Сегодня, когда жизнь в основном позади, я все с большей нежностью вспоминаю свои ранние детские годы. И это не только обычная для пожилых людей ностальгия. Каждый человек полнее всего раскрывается в том или ином возрасте, а потом что-то не складывается, путь к себе самому оказывается потерян. Поэтому будь моя воля, я бы хотел навсегда остаться 5-6 летним мальчиком, в те далекие 50-е и 60-е, когда было невероятно обостренное восприятие мира, работала фантазия, за каждым окрестным забором, сараями и помойками, ждала пленительная тайна, когда куча бабушек, прабабушек и тетушек меня любили, когда были рядом самые близкие люди - мама  и бабушка, Наталья Николаевна. Бабушка была человеком с сильным характером, властная хозяйка, не любившая ласк и поцелуев, но с огромной охотой взваливавшая на себя любую ответственность, иногда даже не прошенную. Ее побаивались немного, она умела говорить в лицо подчас обидные вещи, но все уважали. Лишь после 85 лет, с почти полной утратой зрения, она стала сдавать, и выпускать из рук бразды домашнего правления. Я был ее любимым внуком, самым близким человеком. Тогда еще был цел старый дом, с бревенчатыми черными стенами, огромным чердаком, лабиринтом коридоров и комнат, помнящий всю нашу семью, въехавшую в него зимой 1924 года. Когда был цел ныне испорченный и застроенный парк с прудами, через который мы с мамой в конце каждого мая ходили собирать ландыши, это считался дальний поход, за ручей. Сейчас и этого места нет, на нем расположилось кладбище.
Конечно, это взгляд ребенка. Дом сильно обветшал, был населен пятью семьями, Бызовыми, Павловыми, Сергеевыми, Дмитриевыми и Глушковыми. Такой же коммуналкой, только в виде непрезентабельного баракообразного сооружения, он оставался и после сноса старого, все 60-е и 70-е, пока соседи не стали понемногу разъезжаться. Несмотря на частые мелкие конфликты, соседи были как родственники, все о всех все знали, и всем интересовались. Я рос без отца, в женском окружении, и, конечно, все соседи страшно интересовались тайной моего происхождения.

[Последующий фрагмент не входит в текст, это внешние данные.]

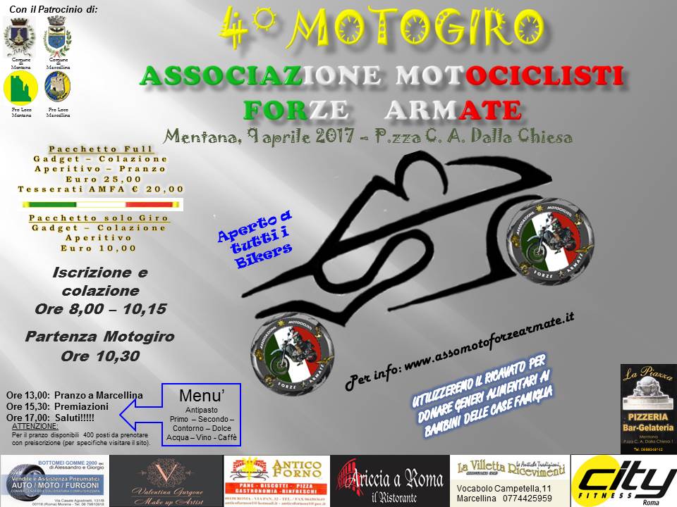 Posted: 29 Mar 2017 06:00 AM PDT Buongiorno, ISTRUZIONI ADESIONE Come per la precedente edizione sono previsti due pacchetti di partecipazione: > - Pacchetto FULL che prevede colazione, gadget, aperitivo e pranzo al costo di € 20,00 riservato ai soli Soci in regola con il tesseramento per l'anno 2017 oppure € 25,00 per i non tesserari/ospiti; > - Pacchetto SOLO GIRO che prevede colazione, gadget e aperitivo (pranzo escluso) al costo di € 10,00 Soci e ospiti. > Per quanto riguarda le iscrizioni possono essere effettuate con le seguenti modalità: > 1.a. Facendo, entro e non oltre il 06/04/2017, un bonifico sul conto AMFA (IBAN IT14H0335901600100000125839 intestato ad ASSOCIAZIONE MOTOCICLISTI FORZE ARMATE) per l'importo dovuto e con la motivazione "DONAZIONE PER PARTECIPAZIONE MOTOGIRO" e compilando contestualmente i campi sulla pagina http://www.assomotoforzearmate.it/eventi.html# . Si rappresenta l'importanza della corretta compilazione di tutti i campi e l' inoltro della copia del bonifico. Nel caso venisse scelta questa opzione, la busta contenente i gadget e i buoni per la colazione, l'aperitivo e il pranzo (se richiesto) potranno essere ritirati il mattino dell'evento. > 1.b Questa opzione è prevista anche per gruppi e motoclub; basta scaricare il modulo dedicato al seguente link http://www.assomotoforzearmate.it/eventi.html# e compilarlo allegandolo poi nel previsto campo con il bonifico relativo al numero di persone partecipanti. Anche in questo caso il referente del gruppo il mattino del 09 aprile ritirerà le buste contenenti il materiale (per tutto il suo gruppo) > 2. Presso il nostro AMFAPOINT c/o BOTTOMEI GOMME sito in via Casale Agostinelli n.131/b a Morena (Ciampino) da Mercoledì 29/03 al venerdì 07/04 (sabato e domenica esclusi). In questo caso saranno ritirati direttamente i gadget e i buoni spettanti. > 3. Il mattino dell'evento dalle ore 08.30 alle ore 10.00. > Al fine di semplificare e snellire tutte le operazioni che dovranno essere effettuate il mattino dell'evento, si invita a prediligere una delle prime due opzioni di iscrizione. > Vi aspetto numerosi. |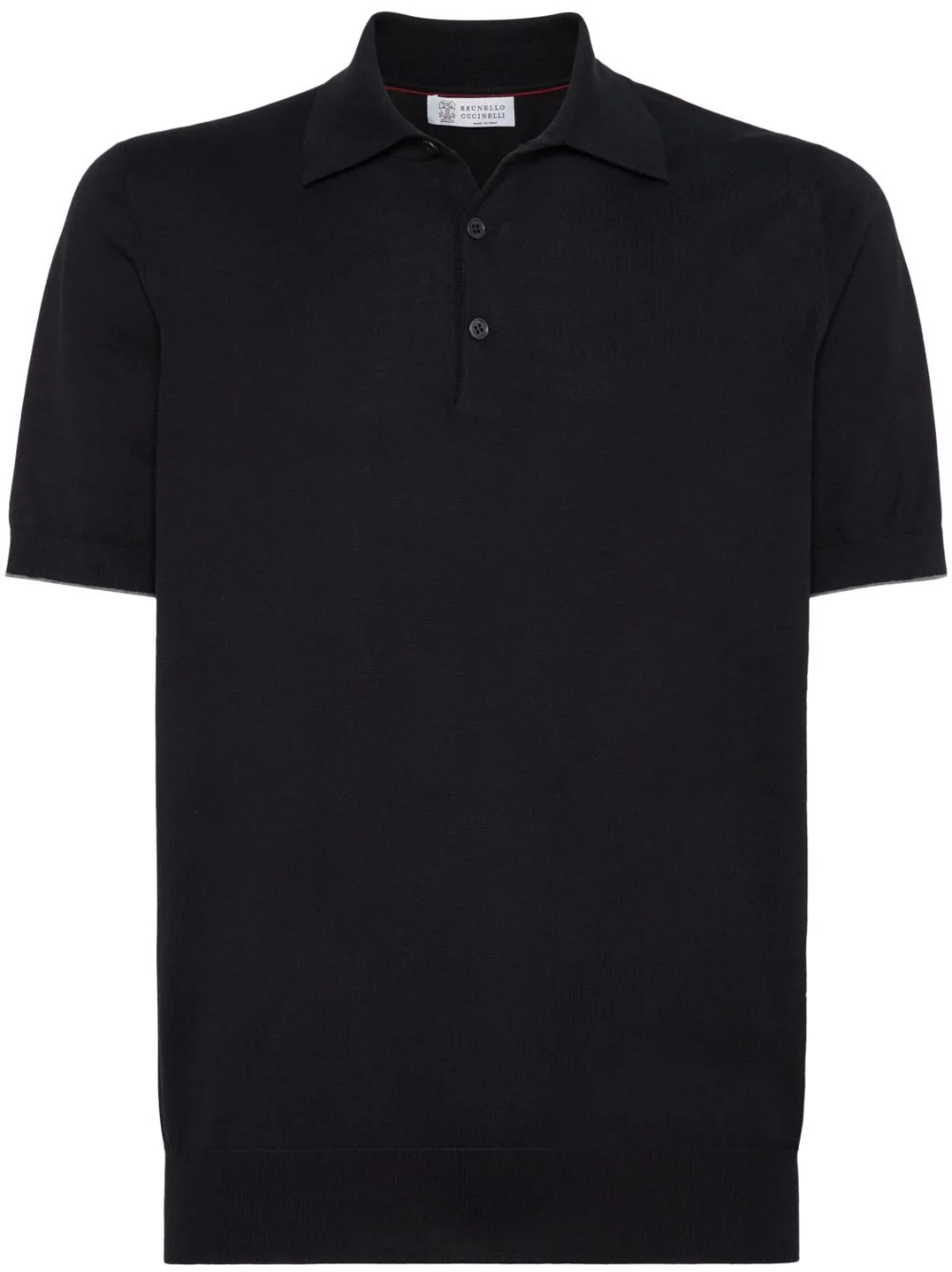 cotton polo shirt Brunello Cucinelli merges time-honoured craftsmanship with modern design in the construction of this black polo shirt. Crafted from cotton pique, it boasts a minimalist design that speaks to the brand's timeless aesthetic. Made in Italy Composition Cotton 100% SIZE & FIT Model measurements Height 6 ft 2 in(1.88 m) Bust/Chest 36.61 in(93 cm) Hips 35.82 in(91 cm) Waist 27.95 in(71 cm) Measurement CHEST 42.51 in(108 cm) FittingInformation This piece fits true to size. We recommend you get your regular size Cut for a slim fit Made with a mid-weight fabric Washing instructions Hand Wash

В каждом госте мужского пола (например, когда в октябре 57 г. с мамой из экспедиции на Кавказе приехал ее друг, рабочий Иван Егорович Бугаенко) подозревали моего отца и поздравляли – «Ленечка, ну наконец-то к тебе приехал папа». И я поверил, что именно дядя Иван – мой отец,. И был очень озадачен, когда впервые познакомился с настоящим отцом в конце весны 1960 года, но об этом все написано у мамы, в ее воспоминаниях. Пару раз в год он приезжал, стучался в окно поздним вечером, оставался на ночь, но со мной вел себя очень принужденно, как-то скованно, возможно, чувствовал свою вину за невозможность как-то помогать, но сегодня я думаю, что мне не в чем его упрекнуть, он вел себя как мог в сложных жизненных обстоятельствах, с плохим здоровьем (инвалид войны с парализованной ногой, больными почками и туберкулезом). Он исчез из нашей жизни весной 71 г., оставив мне 500 рублей на подготовку в Университет, для репетитора по математике. Кое-какие слухи о нем достигали нас еще некоторые годы, потом вероятно его не стало. Мне ничего не известно о трех братьях, которые родились и росли в Саратове, а его жена – Вера Ивановна, палеонтолог – умерла уже в «нулевые» годы. Один раз, в мае 64 г., мы с мамой были в Саратове, отец возил нас по городу на своем инвалидном «Запорожце», а потом мы издали видели его дом, кого-то из семьи, но тайком, конечно. Там о нашем существовании не знали, или делали вид, что не знали. Вспоминаю из той поездки (Ульяновск – Волгоград – Саратов) страшную грозу на Волгоградском море, возле Камышина, салон на теплоходе, где мама играла ре-минорную фантазию Моцарта на раздолбанном пианино, острый запах после дождя, характерный для русской весны, .в Волгограде.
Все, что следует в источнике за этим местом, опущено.